Another case in the line of cases holding parties to their commitments to mediate before filing suit.
Earlier this month, in Adams v. Newport Crest Homeowners Association, 2009 WL 2875361,
(Cal.App. 4 Dist., 2009), a California appellate court upheld the dismissal of a case on the grounds that the plaintiff failed to pursue mediation prior to seeking judicial relief. The agreement to mediate appeared in the settlement of a prior dispute, and that settlement was entered as a judgment of the court. As a result, I think this case might reasonably be read more as a case about failure to comply with a judicial order to mediate than as a case about failure to adhere to a contractual obligation to mediate. Or perhaps it is a hybrid between the two. In either event, the result was the same.
As I posted in an earlier blog entry, these cases that treat mediation as a jurisdictional prerequisite are fascinating.

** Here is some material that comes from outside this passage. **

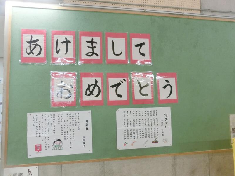 1月5日(水)2学期後半が始まりました。 エントランス・学年掲示板・各学級お正月の掲示がされていました。

It’s true that one could discharge this obligation to mediate without significant cost in most cases. (It’s an agreement to mediate, not an agreement to agree, not even an agreement to make an offer of a particular flavor.) But these cases do raise the likelihood that we’ll see even more litigation about what it means to mediate. Most of these contractual obligations do not include explicit good faith requirements, as far as I know, but it’s no stretch to imagine pieces of the “good faith” framework being incorporated into an analysis of whether a set of mediation behaviors amounts to discharging a contractual duty to mediate.